Ja nie znoszę wszelkich lektur, bo wiem, że muszę je przeczytać, a nie lubię, jak się mnie zmusza do czegoś, tym bardziej do czytania. Na razie nie wydaje się taka zła, ale i tak idzie mi dość opornie. Może się rozkręci potem;)
Amelia - ogólnie zdecydowana większość bardzo chwali, więc jest spora szansa, że Ci się spodoba;) Ja nie mogłam znieść Wokulskiego, który był takim pantoflarzem do porzygu za przeproszeniem, ani tym bardziej Izabeli, która miała ego większe niż IQ ;-)
Izabela mnie też irytuje, zarozumiała jest strasznie. Wokulski na razie jeszcze nie, ale przede mną 500 stron, także wszystko się może zdarzyć;) Ogólnie myślę, że książka sama w sobie nie jest zła. Też uciekam, bo pouczyć się trochę trzeba:) Dobranoc:)
Nie, ponieważ nie wiemy czy wszyscy się na to godzą. Jeśli tak to musimy się jakoś zgadać w kilka osób, kto jakoś - że tak powiem - ogarnia ten temat. :)

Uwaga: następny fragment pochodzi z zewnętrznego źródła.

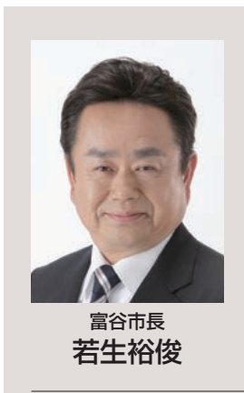
富谷市長 若生裕俊

本市は若い世帯が多く、子どもの数が多いということも特徴の一つです。富谷の大切な宝である子どもたちを、市民みんなで育てていきたいという思いの下、「教育と子育て環境を誇るまちづくり」を進めています。その一つとして、日本ユニセフ協会から「日本型子どもにやさしいまちモデル検証作業自治体」として委嘱を受け、平成30年11月20

dobra ja postaram się to ogarnąć ale dajcie mi trochę czasu. kiedyś założyłam forum na studiach wraz z kolegą dla ludzi z roku. a forum ma być otwarte dla wszystkich czy musimy wyrazić zgodę w uczestnictwie? bo takie opcje też wiem, że są na forach niektórych.